Mount Sharp was built by sediments deposited in a large lake bed over tens of millions of years, Curiosity has found
Shows ancient Martian climate may have produced lakes at many locations
Now believed the  ancient, thick atmosphere on Mars raised temperatures above freezing globally on the planet
Billions of years ago, a lake once filled the 96-mile- (154-km) wide crater being explored by NASA’s Mars rover Curiosity, bolstering evidence that the planet most like Earth in the solar system was suitable for microbial life.

The new findings combine more than two years of data collected by the rover since its sky-crane landing inside Gale Crater in August 2012.

Scientists discovered stacks of rocks containing water-deposited sediments inclined toward the crater’s center, which now sports a three-mile (5 km) mound called Mount Sharp.
That would mean that Mount Sharp didn’t exist during a period of time roughly 3.5 billion years ago when the crater was filled with water, Curiosity researchers told reporters during a conference call.

Mars was also once an entirely wet and warm planet, with giant, long lasting lakes forming across its surface, the latest data from Nasa’s Curiosity rover has shown.

This interpretation of Curiosity’s finds in Gale Crater suggests ancient Mars maintained a climate that could have produced long-lasting lakes at many locations on the Red Planet.

Mount Sharp as it once was: Observations by the rover indicate Mars' Mount Sharp, where it is currently exploring, was built by sediments deposited in a large lake bed over tens of millions of years.

‘If our hypothesis for Mount Sharp holds up, it challenges the notion that warm and wet conditions were transient, local, or only underground on Mars,’ said Ashwin Vasavada, Curiosity deputy project scientist at Nasa’s Jet Propulsion Laboratory in Pasadena.

‘A more radical explanation is that Mars’ ancient, thicker atmosphere raised temperatures above freezing globally, but so far we don’t know how the atmosphere did that.’

Researchers were baffled over why Mount Sharp sits in a crater.

Mount Sharp stands about 3 miles (5 kilometers) tall, its lower flanks exposing hundreds of rock layers.
The rock layers – alternating between lake, river and wind deposits – bear witness to the repeated filling and evaporation of a Martian lake much larger and longer-lasting than any previously examined close-up.

‘We are making headway in solving the mystery of Mount Sharp,’ said Curiosity Project Scientist John Grotzinger of the California Institute of Technology in Pasadena, California.

‘Where there’s now a mountain, there may have once been a series of lakes.’

This evenly layered rock photographed by the Mast Camera (Mastcam) on NASA's Curiosity Mars Rover shows a pattern typical of a lake-floor sedimentary deposit not far from where flowing water entered a lake.

This evenly layered rock photographed by the Mast Camera (Mastcam) on NASA’s Curiosity Mars Rover shows a pattern typical of a lake-floor sedimentary deposit not far from where flowing water entered a lake
Curiosity currently is investigating the lowest sedimentary layers of Mount Sharp, a section of rock 500 feet (150 meters) high dubbed the Murray formation.

Rivers carried sand and silt to the lake, depositing the sediments at the mouth of the river to form deltas similar to those found at river mouths on Earth.

This cycle occurred over and over again.

‘The great thing about a lake that occurs repeatedly, over and over, is that each time it comes back it is another experiment to tell you how the environment works,’ Grotzinger said.

This image shows inclined beds characteristic of delta deposits where a stream entered a lake, but at a higher elevation and farther south than other delta deposits north of Mount Sharp.
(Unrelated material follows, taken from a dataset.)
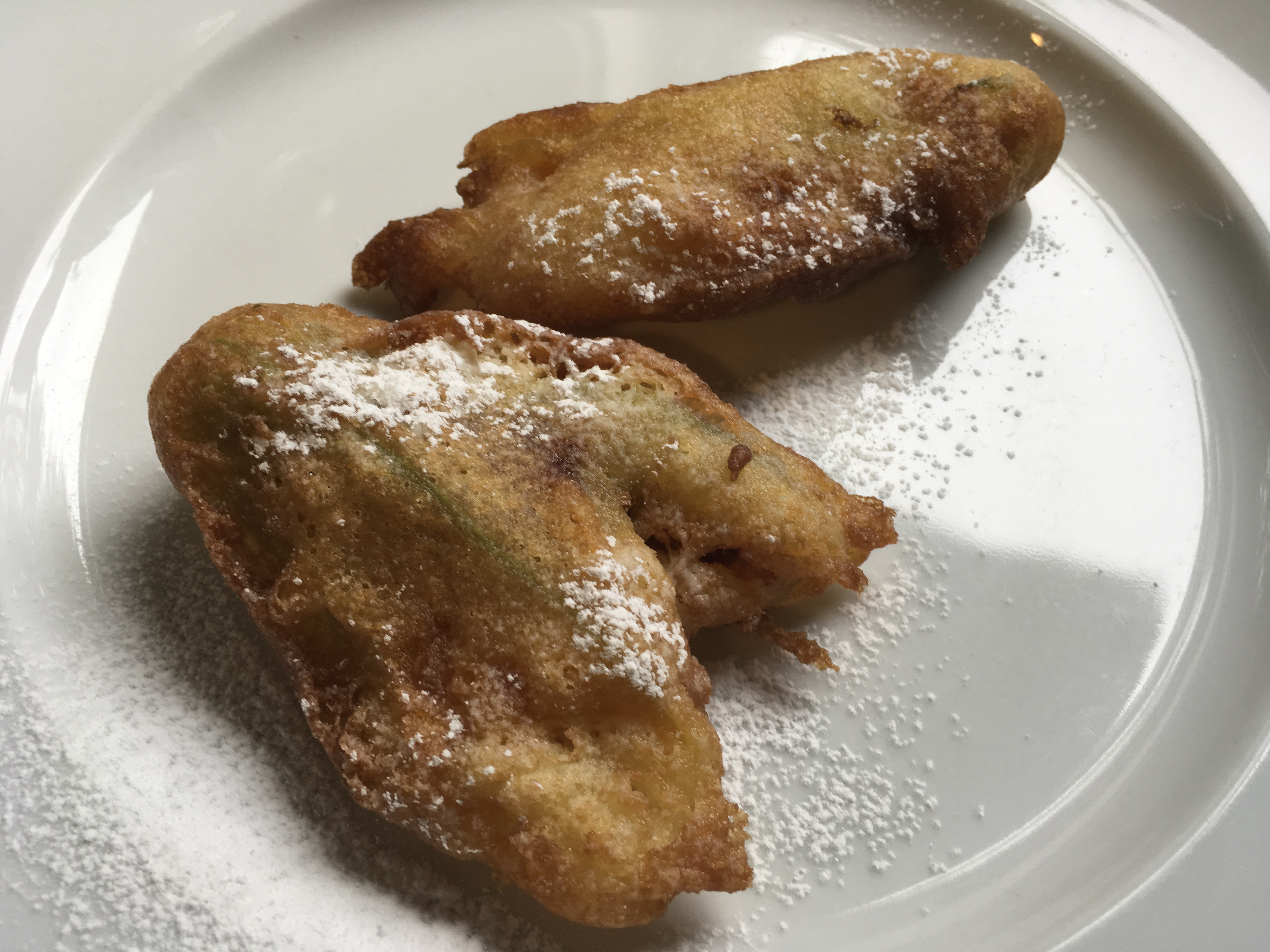 In my savory version, the blossoms are stuffed with ricotta cheese, lightly battered, fried and served with a delicious tomato sauce.

This suggests multiple episodes of delta growth building southward. It is from Curiosity's Mastcam.

This image shows inclined beds characteristic of delta deposits where a stream entered a lake, but at a higher elevation and farther south than other delta deposits north of Mount Sharp. This suggests multiple episodes of delta growth building southward. It is from Curiosity’s Mastcam

‘As Curiosity climbs higher on Mount Sharp, we will have a series of experiments to show patterns in how the atmosphere and the water and the sediments interact.

‘We may see how the chemistry changed in the lakes over time.
‘This is a hypothesis supported by what we have observed so far, providing a framework for testing in the coming year.’

After the crater filled to a height of at least a few hundred yards and the sediments hardened into rock, the accumulated layers of sediment were sculpted over time into a mountainous shape by wind erosion that carved away the material between the crater perimeter and what is now the edge of the mountain.

On the 5-mile (8-kilometer) journey from Curiosity’s 2012 landing site to its current work site at the base of Mount Sharp, the rover uncovered clues about the changing shape of the crater floor during the era of lakes.

‘The size of the lake in Gale Crater and the length of time and series that water was showing up implies that there may have been sufficient time for life to get going and thrive,’ said NASA’s Mars Exploration Program scientist Michael Meyer.

‘We found sedimentary rocks suggestive of small, ancient deltas stacked on top of one another,’ said Curiosity science team member Sanjeev Gupta of Imperial College in London.

‘Curiosity crossed a boundary from an environment dominated by rivers to an environment dominated by lakes.’

Despite earlier evidence from several Mars missions that pointed to wet environments on ancient Mars, modeling of the ancient climate has yet to identify the conditions that could have produced long periods warm enough for stable water on the surface.
NASA’s Mars Science Laboratory Project uses Curiosity to assess ancient, potentially habitable environments and the significant changes the Martian environment has experienced over millions of years.

This project is one element of NASA’s ongoing Mars research and preparation for a human mission to the planet in the 2030s.

‘Knowledge we’re gaining about Mars’ environmental evolution by deciphering how Mount Sharp formed will also help guide plans for future missions to seek signs of Martian life,’ said Michael Meyer, lead scientist for NASA’s Mars Exploration Program at the agency’s headquarters in Washington.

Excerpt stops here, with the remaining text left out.